If a model has low a posteriori probability Pr(mk–1 = i∣ y0:k–1) (denoted as pi in the pseudocode) at the previous time step k – 1, then the algorithm removes it (lines 3-5); hence, models not needed to explain the data seen thus far are not kept in the model set. While prematurely removing a model temporarily degrades the estimator performance, if that model is important, it will simply be added again at a later time step.
| Algorithm 1 Updates the model set at time step k, given the latest measurement and control input. | |
|---|---|
B. Parameters
Threshold for removing models (α).
The parameter α (line 4) determines when to remove a model, based on the a posteriori probability of that particular model best representing the system mode. In our experiments, we use α = 0.01.
Threshold for expanding the model set (β).
The parameter β is used to determine when to expand the model set (line 6), and may in fact vary over time. For example, in our experiments, since we use Kalman filters that assume Gaussian measurement likelihood distributions, we set β to be the likelihood of a measurement that is two standard deviations away from the predicted measurement.
Threshold for adding models (γ).
The parameter γ determines how the algorithm “groups” similarly performing models (line 20). An alternative approach would add only the models i where q-value is above a threshold. In the case where none of the models adequately explain the measurements with respect to this threshold, no models would be added, causing poor performance. Therefore, it is better to add the best models we have relative to one another, rather than with respect to a fixed threshold. In practice, the value of γ depends on the scale of the evaluation function q, and should typically be small.
Number of votes (NV).
The parameter NV determines the number of votes before expanding the model set. This parameter captures a trade-off between robustness (explored experimentally in Sec. V), and computational efficiency, since the number of mode sequences is on the order of NNV.

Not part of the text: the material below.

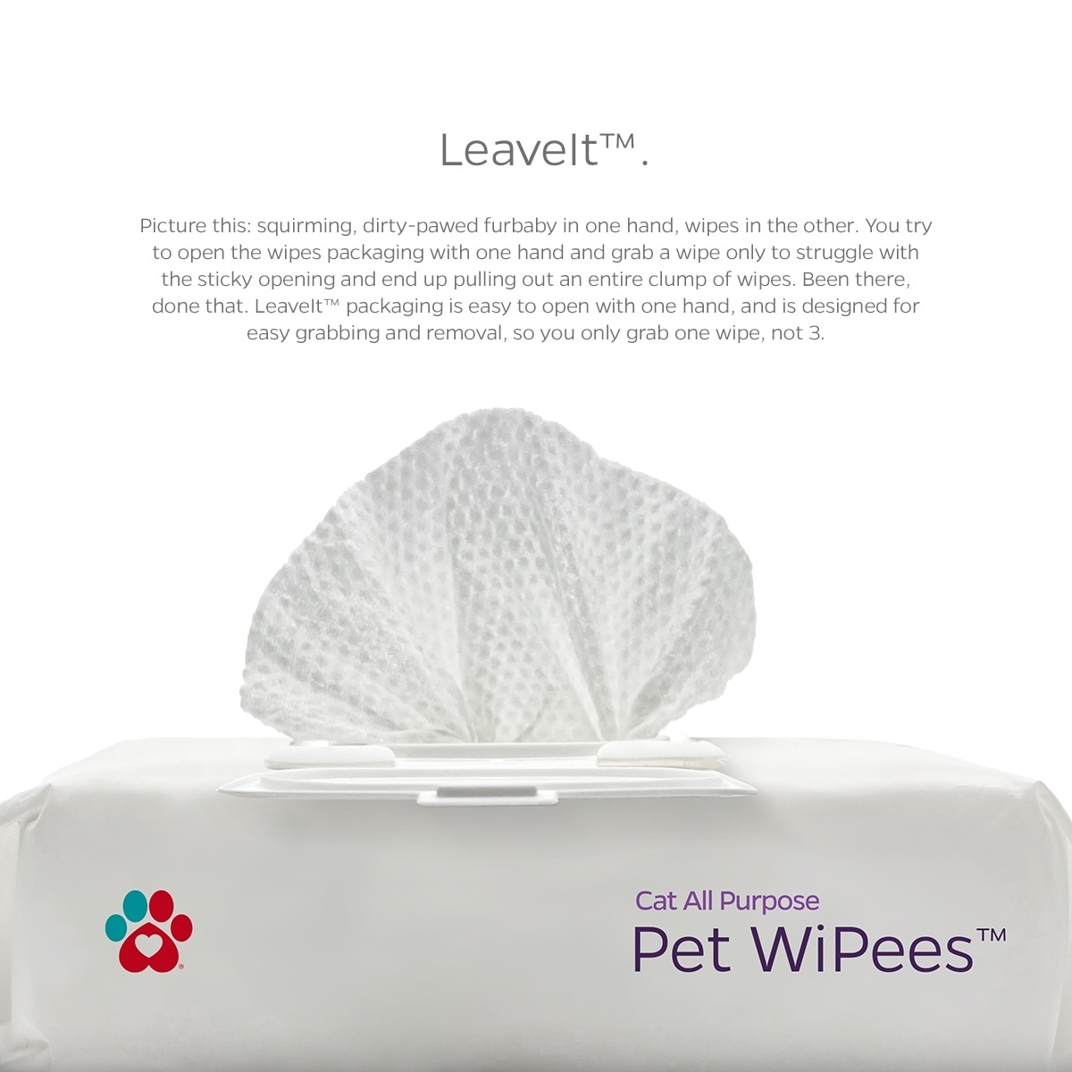 When you need one, but three come out. Not here. Innovative packaging that allows easy access & removal of Pet WiPees and prevents clumping, so you only grab one wipe at a time. Our resealable plastic lid keeps your Pet WiPees fresh, & allows effortless one-handed removal.

IV. Performance Evaluation of AMS Estimator
We first evaluate if the AMS estimator enables high estimation accuracy, while decreasing the computational load. We evaluate our estimator on 2 simulated systems: a planar 3 DOF manipulator, and a 6 DOF manipulator, proposed for a future NASA lander mission to Europa [22] (see Fig. 3).
Fig. 3:
NASA 6 DOF Europa lander arm, tracking a position trajectory for the end-effector (the scoop). The actuator on the second joint suffers a temporary 75% degradation. Using the nominal model for controlling the manipulator leads to a trajectory that diverges from the reference, since controller is unable to compensate for the degradation.
Simulated Behavior.
Each experiment is 3.1 s long, with a time step of 0.01 s. The system starts in mode nominal, and switches to another modes after 0.75 s, and then switches back to nominal after 1.75 s.
Nominal:
Manipulator is operating normally. We apply a first-order Euler discretization in time to the manipulator equations (see [23]) to derive an equation of the form in Eq. (1). Locked joint: A single joint is completely immobile. Free-swinging joint: All input torque at the free-swinging joint is set to zero. Degraded actuator: The input torque at the degraded actuator is multiplied by a scalar degradation factor in the interval (0, 1). We consider degradation factors of 0.25, 0.50 and 0.75.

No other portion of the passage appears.